NSCL operates two coupled cyclotrons, which accelerate stable ion beams to energies of up 170 MeV/u. Rare isotope beams are produced by projectile fragmentation and separated in-flight in the A1900 fragment separator. For experiments with high-quality rare isotope beams at an energy of a few MeV/u, the high-energy rare isotope beams are transported to a He gas cell for thermalization, and then sent to the ReA linear post-accelerator for reacceleration. Rare isotope beams in this energy range allow nuclear physics experiments such as low-energy Coulomb excitation and transfer reaction studies as well as for the precise study of astrophysical reactions. The facility has produced over 904 rare isotope beams for experiments, and 65 new isotopes have been discovered at NSCL.

NSCL is a national user facility and has a large user community with over 800 actual, active users in a given year. Most experiments conducted at NSCL involve international collaborations with about 75% of the experiments lead by a US spokesperson.

NSCL provides beams to approximately 30 experiments per year. Experiments are short (~3-7 days) with many changes during and in between experiments. Data acquisition and analysis and simulation framework need to support fast online decision making. Experiments have increased significantly in complexity with an increase of the number of channels read out, often together with high-resolution digitized waveform data. Each experiment can generate up to 10 TB of experimental data set. Storage and backup systems must match such data sizes. Data sets are analyzed on-line during the data acquisition and later off-line either at NSCL or at the spokesperson's institution. Experiments with in-house spokespersons require long-term storage (usually a few years) of the full data set and adequate computing resources for analysis. A computing cluster in the order of 1000 cores dedicated for online analysis is foreseen. Network bandwidths of 100 Gbit/s will be required. External data transfer capabilities must continue to accommodate the needs of a large and distributed user community with increased data set sizes. Data sets are provided to experimenters via magnetic tape, though other methods are available.

NSCL CI supports and enables the Laboratory overall mission. CI includes a broad range of functional areas: business support information technology, networking, accelerator controls, experimental controls and DAQ, and offline simulation and analysis. Internally developed and commercial solutions are used. Systems are primarily managed and maintained by Laboratory personnel. CI challenges include increasing security requirements, Laboratory growth with FRIB planning and construction, and increasing and foreseen experimental needs.

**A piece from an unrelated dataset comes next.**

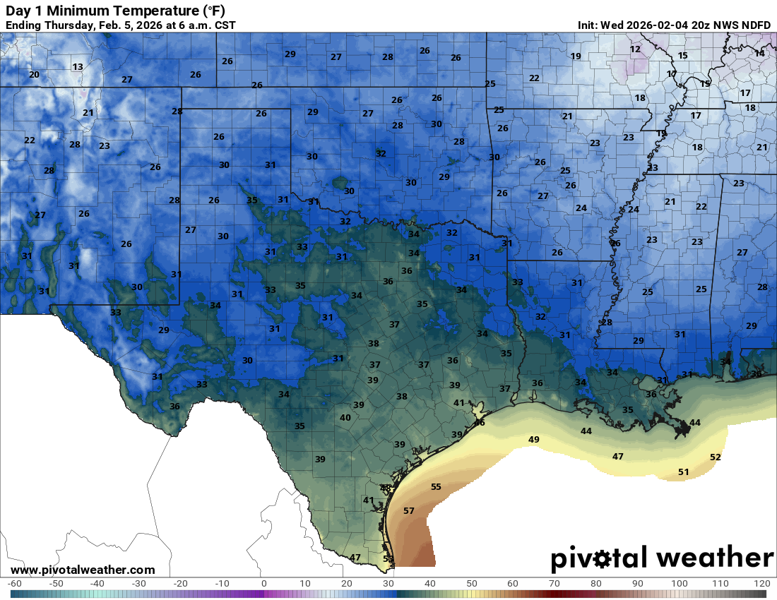 Forecast lows for tomorrow morning.

The Business IT department provides a range of enterprise IT services directly supporting business processes including an internally hosted ERP suite and other customized COTS solutions. Windows based services including Active Directory, Exchange, SharePoint are deployed. More than 500 Windows desktop PCs are maintained.

Business IT department also maintains the Lab-wide network, servers and storage used by DAQ and NSCL Controls and is responsible for overall IT security.

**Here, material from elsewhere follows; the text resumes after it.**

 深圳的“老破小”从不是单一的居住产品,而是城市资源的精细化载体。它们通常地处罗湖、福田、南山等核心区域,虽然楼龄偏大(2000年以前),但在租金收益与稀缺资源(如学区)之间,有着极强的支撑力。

Internet is provided via MSU with MSU assisting with Internet security. Laboratory wired networks are managed internally with MSU supporting wireless access.

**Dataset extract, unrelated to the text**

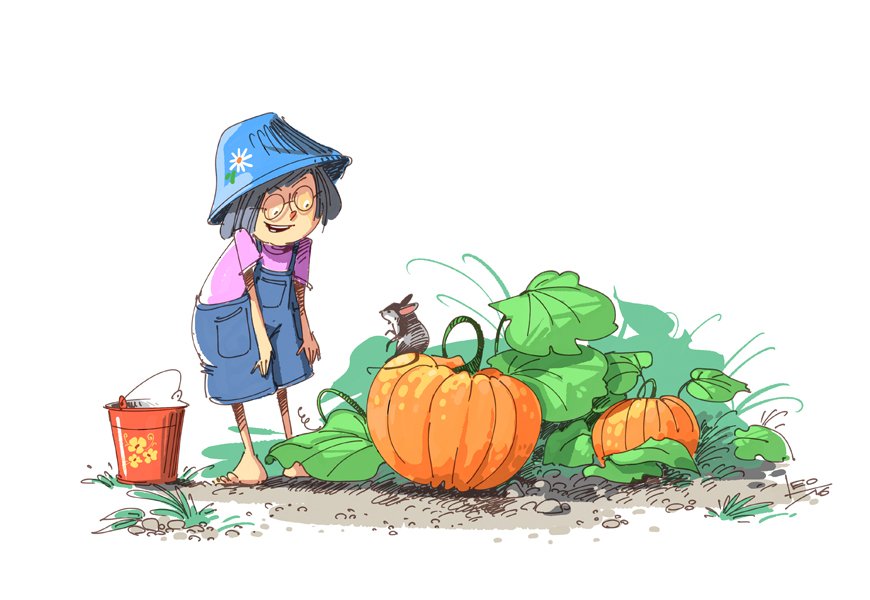 ![Дедушка с лейкой]()

The Controls department is responsible for hardware and software controls for accelerators, beamlines, and other experimental equipment. The controls system uses EPICS protocols with graphical monitoring using CS-Studio. NSCL personnel are active in development of both projects. A number of associated systems provide alarms, access controls, archiving etc. for EPICS.

With construction of the FRIB accelerator progressing, new accelerator and cryogenic controls networks are being deployed. These are also EPICS based. The designs emphasis security with FRIB Controls network isolated from other Laboratory systems.

In house developed software forms the core of the DAQ systems. NSCLDAQ is a modular system supporting a range of experiment arrangements. SpecTcl is a compatible analysis software. DDAS is an internally developed digital-DAQ, supporting XIA Pixie-16 Digitizer and compatible with NSCLDAQ. As a user facility, NSCL provides DAQ assistance to visiting experimenters. Typical experiments produce approximately 100 GB of data per day with experiments storing digitized waveforms producing ~1 TB per day. Currently, most experiments’ needs are met with 1GE networking and several DAQ computers. Data is recorded to ZFS/Linux servers. Reliability is critical as experiments' beam times are generally limited for less than one week. Visiting experimenters may make use of DAQ systems while present at NSCL.

Increasingly, flexible CPU and software systems are used for DAQ. One purpose is distinguishing overlapping waveform signals from higher rate experiments. The GRETINA experiment is active at NSCL currently utilizing a dedicated farm of approximately 100 PC nodes (1000 cores) for selecting events based on digitized waveforms.

Offline simulations and analysis systems are provided for Laboratory students, faculty and staff. Clustered interactive Linux hosts and a small (~50 node) Linux SLURM batch system are available. Approximately 1 PB of networked research storage is available using ZFS/Linux systems with NFS. Increasing detector complexity, data volumes and analysis complexity require increasing simulation and analysis capacity. Free and widely used applications such as ROOT and GEANT are the norm.

The Cornell High Energy Synchrotron Source (CHESS)

Website

The Cornell High Energy Synchrotron Source (CHESS) is a NSF-funded National User Facility located on the Cornell University campus in Ithaca, New York. The mission of CHESS is to provide a national hard x-ray synchrotron radiation facility for individual investigators, on a competitive, peer reviewed, proposal basis. With 11 experimental stations, the facility is used by approximately 1,100 investigators per year from over 150 academic, industrial, government, non-profit, and international institutions. CHESS impacts a wide range of disciplines, serving researchers from the physical, biological, engineering, and life sciences, as well as cultural specialists such as anthropologists and art historians. CHESS users conduct studies encompassing, but not limited to, the atomic and nanoscale structure, properties, operando, and time-resolved behavior of electronic, structural, polymeric and biological materials, protein and virus crystallography, environmental science, radiography of solids and fluids, and micro-elemental analysis, and other technologies for x-ray science.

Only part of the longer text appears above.